You could try 'Fury Guitars' in Saskatoon. Glenn Macdougall has stock models but he'll customize colours, pickup selections (single/double) etc. Fabulous Canadian made guitars.

Don


----------



## Budda (May 29, 2007)

Gbassman said:


> You could try 'Fury Guitars' in Saskatoon. Glenn Macdougall has stock models but he'll customize colours, pickup selections (single/double) etc. Fabulous Canadian made guitars.
> 
> Don


custom usually means you can get every part of the guitar to your specs, mainly the body shape, woods used, neck shape, woods used, pickups, colour, etc.


----------



## david henman (Feb 3, 2006)

...i met this guy at the vintage guitar show this past weekend:

www.brianmonty.com

-dh


----------



## Hamm Guitars (Jan 12, 2007)

If you are looking for an inexpensive custom built guitar, I would recomend that you look for a builder who is fairly new and is still building as a hobby. Anyone that is more established will likely be busy so their time is more valuable.
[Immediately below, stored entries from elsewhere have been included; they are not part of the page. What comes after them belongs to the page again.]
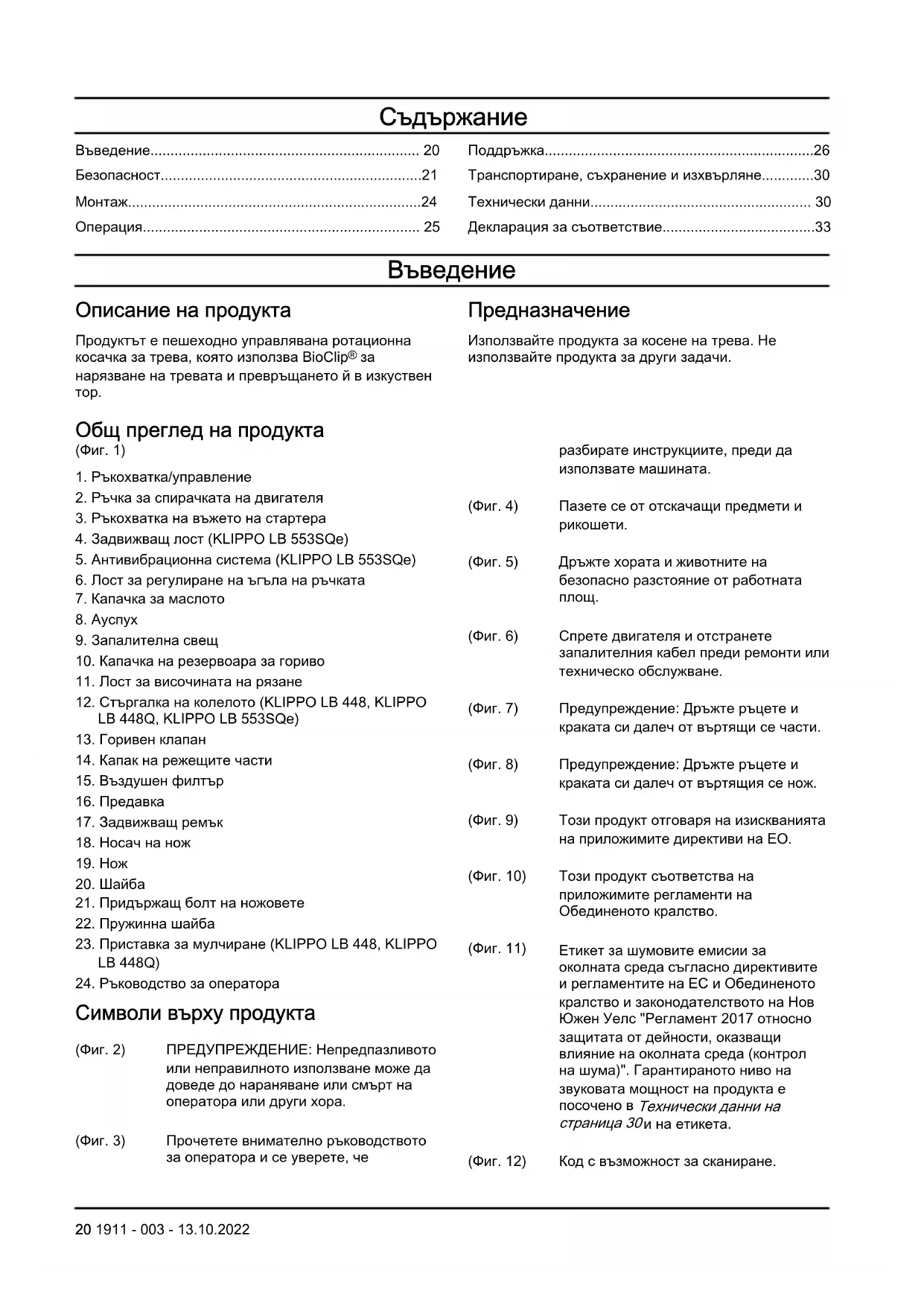 32 1911 - 003 - 13.10.2022Декларация за съответствие Декларация за съответствие на EС Ние, Husqvarna AB, SE-561 82 Huskvarna, Швеция, тел.: +46-36-146500, декларираме на своя собствена отговорност, че продуктът: Описание Косачка за трева Марка Husqvarna Тип/модел KLIPPO LB 448, KLIPPO LB 442Q, KLIPPO LB 448Q, KLIPPO LB 553SQe Идентификация Серийни номера от 2022 и нататък отговаря напълно на следните директиви и регламенти на ЕС: Директива/регла-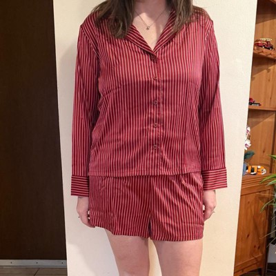 Women's Luxury Collection Satin Notch Collar Long Sleeve Shirt and Shorts Pajama Set - Auden™ - 2 of 3Women's Luxury Collection Satin Notch Collar Long Sleeve Shirt and Shorts Pajama Set - Auden™ - 3 of 3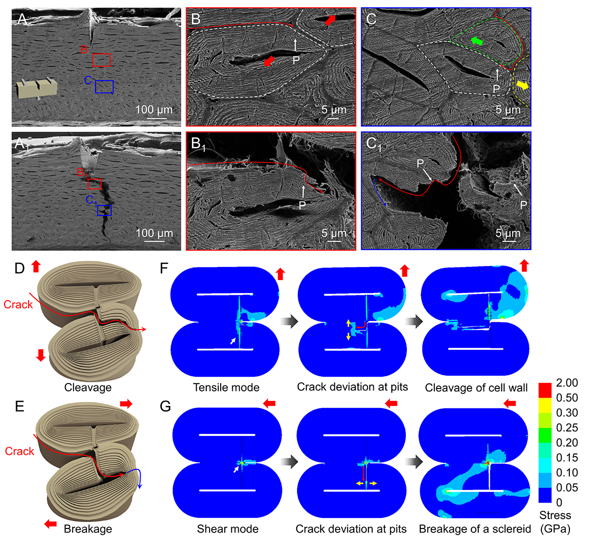 图 4. 裂纹扩展前(A)和扩展后(A1)的银杏果壳截面SEM照片;裂纹扩展前(B)和扩展后裂纹尖端(B1)的高倍SEM照片,显示了石细胞被撕裂的过程;裂纹扩展前(C)和扩展后裂纹尖端(C1)的高倍SEM照片,显示了石细胞被贯穿的过程。有限元仿真模拟的结果:(D和F)石细胞以展张开的模式分离,造成石细胞的撕裂;(E和G)石细胞以滑开的模式分离,造成石细胞的贯穿。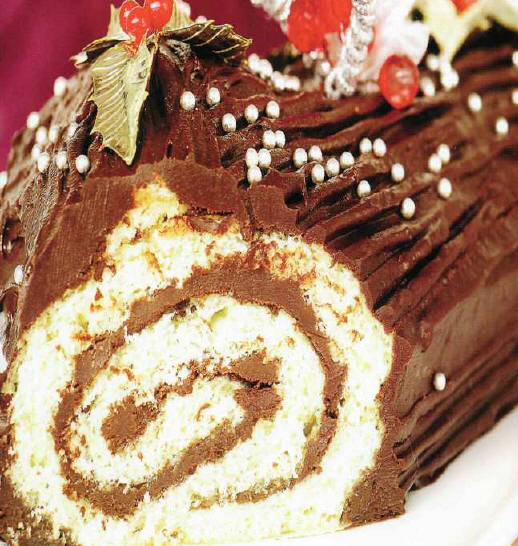 Couvrir le roulé avec la crème au chocolat restante et laisser sécher pendant 5 mn, tracer des lignes avec les pointes d'une fourchette pour lui donner l'aspect d'une bûche et réserver au frais.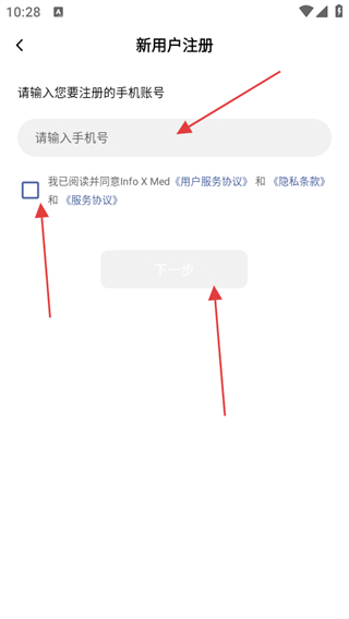 3、填寫(xiě)手機(jī)號(hào),勾選用戶服務(wù)協(xié)議和隱私條款和服務(wù)協(xié)議,點(diǎn)擊下一步。
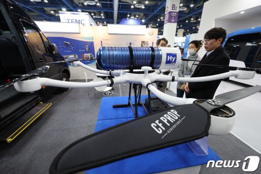 (서울=뉴스1) 신웅수 기자 = 6일 서울 강남구 코엑스에서 열린 2023 대한민국 산업기술 연구개발(R&D) 대전을 찾은 관람객들이 액화수소로 작동하는 수소 연료 전지 드론을 살펴보고 있다. 오는 8일까지 열리는 이번 행사는 한국 산업 기술 발전의 역사를 돌아보고 향후 발전 방향을 모색하기 위해 마련됐다. 2023.12.6/뉴스1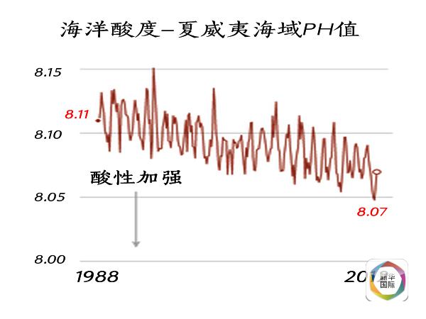 美國(guó)國(guó)家海洋和大氣管理局?jǐn)?shù)據(jù)顯示,海洋平均pH值已經(jīng)從工業(yè)革命之前的8.21,變?yōu)槿缃竦牟坏?.1。這一數(shù)值變化表明,海水的酸度升高了大約30%。

One off guitars are more expensive than a production run, and putting together what one believes to be all of the best parts together does not always yield the desired result. For example putting a Floyd Rose on a Les Paul can be done but it doesn't mean that it will feel right.


----------



## Scottone (Feb 10, 2006)

david henman said:


> ...i met this guy at the vintage guitar show this past weekend:
> 
> www.brianmonty.com
> 
> -dh



I played one his Flying V copies once and it was incredible. Certainly wasn't a "budget" instrument though


----------



## elindso (Aug 29, 2006)

I know a guy that will build custom made for less than $2K U.S. out of PA.

Bolt on with hand carved bodies and necks. Your choice of hardware.

If you start to get fancy the price can rise.

I've seen his stuff it looks really nice.


2 grand is cheap for custom.


----------



## axestronomer (Mar 1, 2007)

Seppo is great to deal with at www.frankinsteinguitarworks.com located in Woodstock, Ontario.


----------



## Curtis.Fagan (May 5, 2007)

Budda said:


> "custom" and "affordable" dont really go in the same sentence
> 
> just keep saving up, dont settle, and get that dream axe



Bingo!!

Also, check out www.carvin.com....they make some great guitars, though I know they aren't Canadian, they are affordable and renowned for bullet prrof construction.

Lovem
Curtis


----------



## PaulS (Feb 27, 2006)

david henman said:


> ...i met this guy at the vintage guitar show this past weekend:
> 
> www.brianmonty.com
> 
> -dh


Whoa... those Rockmasters look sweet...


----------



## DaleH (Feb 4, 2006)

Not sure what you consider affordable. Basone Guitars are custom guitars made in Van. B.C.
http://www.basoneguitars.com/


----------



## david henman (Feb 3, 2006)

Scottone said:


> I played one his Flying V copies once and it was incredible. Certainly wasn't a "budget" instrument though


...jim kruger (toronto) might be the guy to talk to, then.

i don't have any info on him, but i've played his teles, and they are superb.

-dh


----------